Jacobus insisted that she was asked to apply and withdrew over her disagreement with Trump’s then-campaign manager, Corey Lewandowski. The court ruled that such tweets are manifestly opinion and not facts for the purposes of defamation law.
“Trump’s characterization of plaintiff as having ‘begged’ for a job is reasonably viewed as a loose, figurative, and hyperbolic reference to plaintiff’s state of mind and is therefore, not susceptible of objective verification . . . To the extent that the word ‘begged’ can be proven to be a false representation of plaintiff’s interest in the position, the defensive tone of the tweet, having followed plaintiff’s negative commentary about Trump, signals to readers that plaintiff and Trump were engaged in a petty quarrel.”
Trump’s lawyers cited Jacobus decision in another lawsuit brought against him by Summer Zervos, a former contestant on Trump’s reality television show “The Apprentice.” She has accused Trump of sexual assault and harassment as well as calling all of the women accusing him “liars.” Trump denied the allegations, calling them “pure fiction” and labeling the women “horrible, horrible liars.”
The same rule would protect not just Trump but his critics.

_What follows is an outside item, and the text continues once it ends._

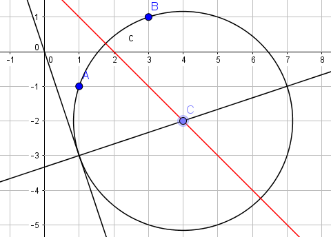 Bereken de straal van de grootste cirkel die door de punten met coordinaten (1,-1) en (3,1) gaat en die de rechte y=-3x raakt.

Finally, any such action would contravene the recognized protections for government employees. In Garcetti v. Ceballos, the Court ruled “When public employees make statements pursuant to their official duties, the employees are not speaking as citizens for First Amendment purposes, and the Constitution does not insulate their communications from employer discipline.” However, this is a former employee discussing matters of great public concern — an area that remains protected under the First Amendment. Moreover, Trump has already used his public platform to fully address the allegations:
“Steve Bannon has nothing to do with me or my Presidency. When he was fired, he not only lost his job, he lost his mind. Steve was a staffer who worked for me after I had already won the nomination by defeating seventeen candidates, often described as the most talented field ever assembled in the Republican party. Now that he is on his own, Steve is learning that winning isn’t as easy as I make it look. Steve had very little to do with our historic victory, which was delivered by the forgotten men and women of this country. Yet Steve had everything to do with the loss of a Senate seat in Alabama held for more than thirty years by Republicans. Steve doesn’t represent my base — he’s only in it for himself.”
There is little reason (in addition to little case law) to support an effort to enjoin speech or a publication in such a case.
In other words, this letter appears another example of “Fire and Fury” rather than a cognizable legal strategy.
Harder is a Beverly Hills-based attorney and has an extensive background on defamation issues.